I honestly feel bad for the production team going into the two Mockingjay films. So much of the substance of the Catching Fire novel is the ramifications of war on Katniss, Peeta, Haymitch, and everyone who has lived or worked with them. All of them suffer terrible nightmares awake and asleep of what they experienced in the games. They're forced by the Capital to assume a life of gaiety, taking on fashion design or some other kind of art. They become the prized pets of the Capital, living the rest of their days as living idols rather than human beings.
None of that exists in Catching Fire. Anytime this sense of forced privilege starts to rear its ugly, depressing head, new writers Michael Arndt and Simon Beauofoy and new director Francis Lawrence cut to another scene. It's maddening. The replacements for writer/director Gary Ross and writer Billy Ray seem so determined to do something new with the series that they turn it into pablum.
In Catching Fire, there is no sense of urgency or danger. The world seems small and isolated. The effective imagery--peace keepers going after protesters, Katniss forging bonds with the other victor tributes in training--are repeated until they lose all sense of meaning.

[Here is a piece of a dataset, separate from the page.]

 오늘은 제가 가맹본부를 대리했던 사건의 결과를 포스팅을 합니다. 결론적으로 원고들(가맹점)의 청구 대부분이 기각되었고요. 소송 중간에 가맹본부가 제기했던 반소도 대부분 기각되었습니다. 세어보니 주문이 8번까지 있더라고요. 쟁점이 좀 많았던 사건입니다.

Anything that might be too upsetting--the reveal of the training scores, executions, the actual destruction of The Hob (marketplace in District 12)--are removed entirely from the film or edited away in the final cut. Gary Ross found the balance between brutality and exploitation that made The Hunger Games a thrilling film to watch; Francis Lawrence turns Catching Fire into an overly sanitized bore.
The saving grace is the acting, at least from the actors given anything to work with. Woody Harrelson, Lenny Kravitz, and Elizabeth Banks--so spectacular in the first film--are reduced to flat foils for Katniss and Peeta. The same applies to everyone in District 12.

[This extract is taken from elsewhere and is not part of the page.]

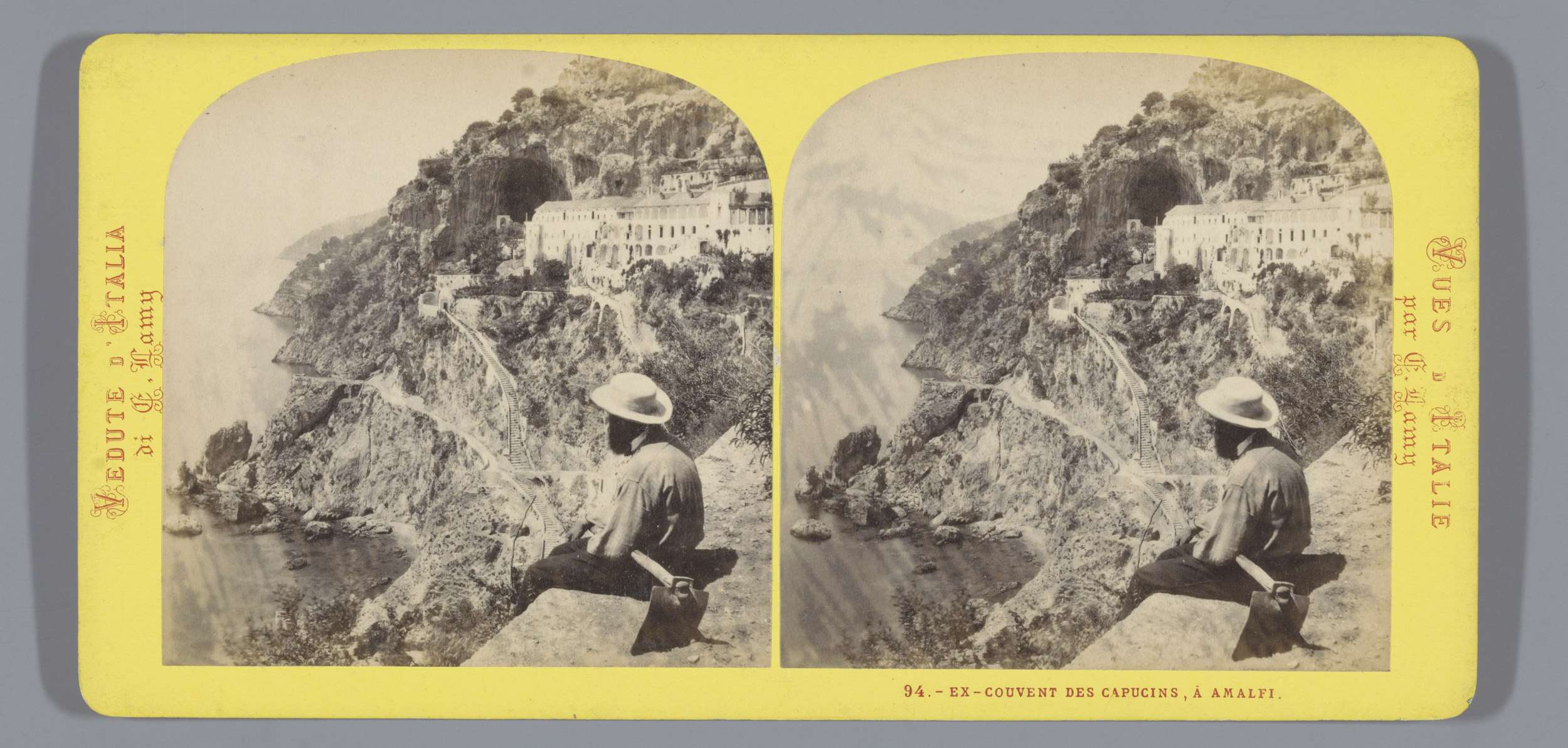 Gezicht op de kust bij Amalfi, gezien vanaf een voor...

Jennifer Lawrence does solid work as Katniss, though the elimination of all but one obvious scene of genuine trauma leaves her with little new ground to cover. Josh Hutcherson, the only actor to actually earn character development in the sequel, is captivating as Peeta. He's not just aw shucks and smiles; you actually get to see him strategize and confront the trauma from the games head on. Donald Sutherland stands out with a few more scenes as the scheming President Snow, providing the only real tension in the film.
Newcomers Jena Malone and Amanda Plummer steal the show in key victor roles. Jena Malone, as District 7 victor Johanna Mason, is the only actor to sell the betrayal of the Capital with the reaping of victors in the entirety of Catching Fire. She's dangerous, not because she's an experienced killer, but because she refuses to hide the truth of what President Snow has planned from everyone in or watching the games. There's a sneer to everything she says and a rage that keeps everyone away without turning off the audience.

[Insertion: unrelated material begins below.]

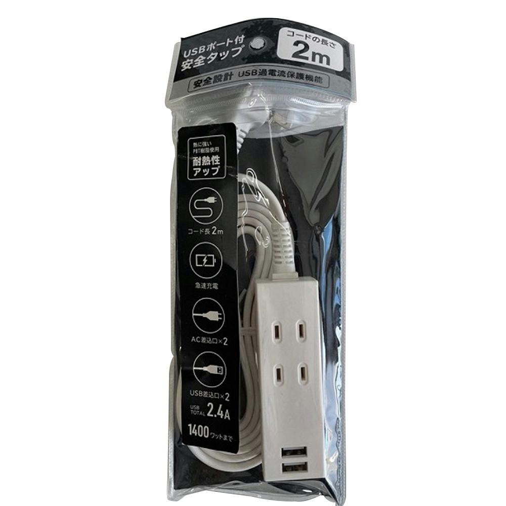 AC2口 2mタップUSB付 HS-TU22W-CA

Amanda Plummer gets the flashiest role in Wiress, a brilliant but damaged victor from District 3. She's a genius at strategy, immediately picking up on tiny details that no one else can see. Plummer finds a way to make the total mental breakdown of Wiress in the arena seem honest and tragic without ever becoming annoying. If you've never read the books, Wiress is reduced to repeating a two word phrase over and over for most of the games and it's perhaps the most ridiculous element of the entire Hunger Games trilogy. Thanks to Plummer, it serves the function novelist Suzanne Collins always intended without irritation.
Five good performances alone don't make a good film. The Hunger Games: Catching Fire is the worst kind of sequel. It's as if the studio decided the success of the first film meant making the second film more generic, more predictable, and less dangerous to aim for a wider audience. The box office receipts support the theory, but at what cost? A poor adaptation of a promising novel that was screaming for a big narrative fixes on the silver screen.